Los huevos, el cerdo y el pollo se disparan al mismo tiempo y colocan a miles de familias ante una tormenta perfecta en la cesta de la compra. Tres de las principales fuentes de proteína barata en España están siendo golpeadas de manera casi simultánea por distintas crisis sanitarias que ya están teniendo un impacto directo en los precios.
El primer golpe lo ha dado la gripe aviar. Los brotes detectados en explotaciones de aves han obligado a sacrificar grandes cantidades de animales y a confinar granjas enteras, reduciendo de forma drástica la producción de huevos y carne de pollo. El resultado ha sido inmediato: el huevo se ha convertido en uno de los alimentos que más se ha encarecido en lo que va de año, con subidas que muchos consumidores ya notan en el supermercado.
A esta situación se ha sumado ahora una nueva amenaza: la reaparición de la peste porcina africana, una enfermedad altamente contagiosa y letal para los cerdos.
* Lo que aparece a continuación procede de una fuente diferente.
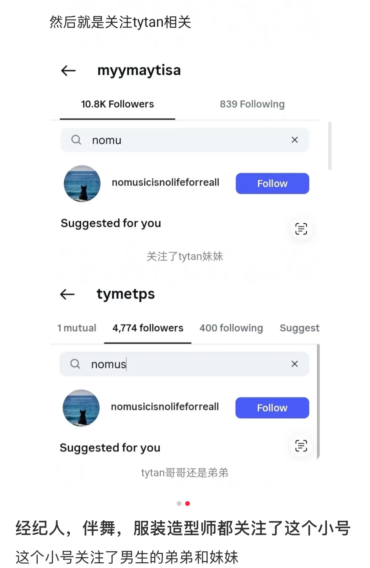 有粉丝扒出minnie小号,发现她关注了绯闻男主tytan的弟弟妹妹

El Ministerio de Agricultura ha confirmado los dos primeros casos en España desde 1994, lo que ha encendido todas las alarmas en un sector clave para el consumo nacional y para la exportación. Aunque por ahora los focos detectados afectan a fauna silvestre, el temor a que el virus salte a explotaciones ganaderas es real.
Por si no fuera suficiente, el vacuno tampoco se libra. Más de 2.000 reses han sido sacrificadas por un brote de dermatosis nodular contagiosa, una enfermedad vírica que ya ha dejado al menos 17 focos en la provincia de Gerona. El miedo se extiende entre los ganaderos, que observan cómo otra parte esencial de la cadena alimentaria entra en zona de riesgo.
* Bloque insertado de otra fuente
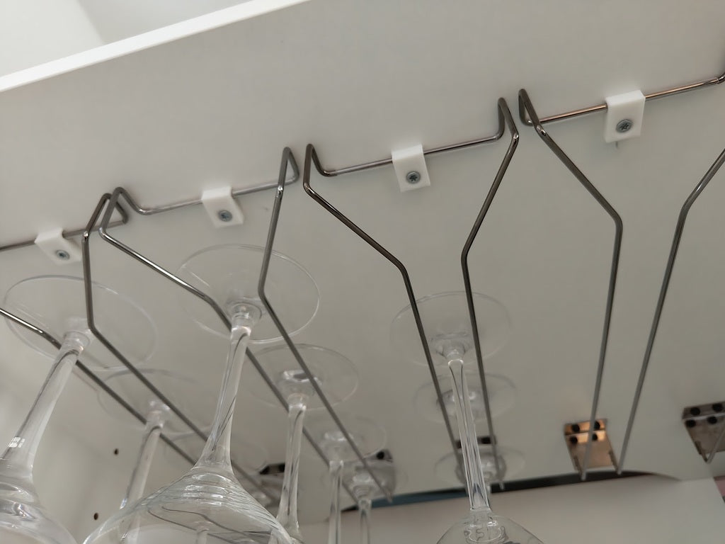 Jest to mały wspornik do montażu uchwytów na szkło IKEA Besta (304.119.53) na dowolnej półce – w naszym przypadku szafki kuchennej IKEA Metod. Stosowana śruba to Spax 3,5x20.

El efecto conjunto de estas tres crisis es demoledor: justo los alimentos que históricamente han servido como base de la proteína asequible —huevos, pollo, cerdo y carne de vacuno— están ahora bajo presión. La oferta se reduce, los costes de producción se disparan y el consumidor ve cómo el ticket de la compra sube sin que existan alternativas igual de accesibles.
El malestar crece también porque muchos ciudadanos perciben una paradoja difícil de explicar: mientras la producción nacional encadena brotes, sacrificios y restricciones, los productos importados siguen llegando al mercado con normalidad bajo el paraguas de controles sanitarios que, a ojos de muchos, parecen infalibles. La sensación de vulnerabilidad del sistema productivo español no deja de ampliarse.
Desde el ámbito político y económico se insiste en que se trata de episodios sanitarios aislados, propios de un sector expuesto a múltiples riesgos biológicos. Sin embargo, cada vez son más las voces que alertan de que esta coincidencia de crisis puede tener consecuencias duraderas sobre la soberanía alimentaria y la estabilidad de los precios básicos.
Mientras tanto, el único dato incuestionable es que la proteína barata ya no lo es tanto. Y en un momento en el que el acceso a los alimentos vuelve a convertirse en un problema para muchas familias, el debate sobre qué comemos, de dónde viene y a qué precio se abre con más fuerza que nunca.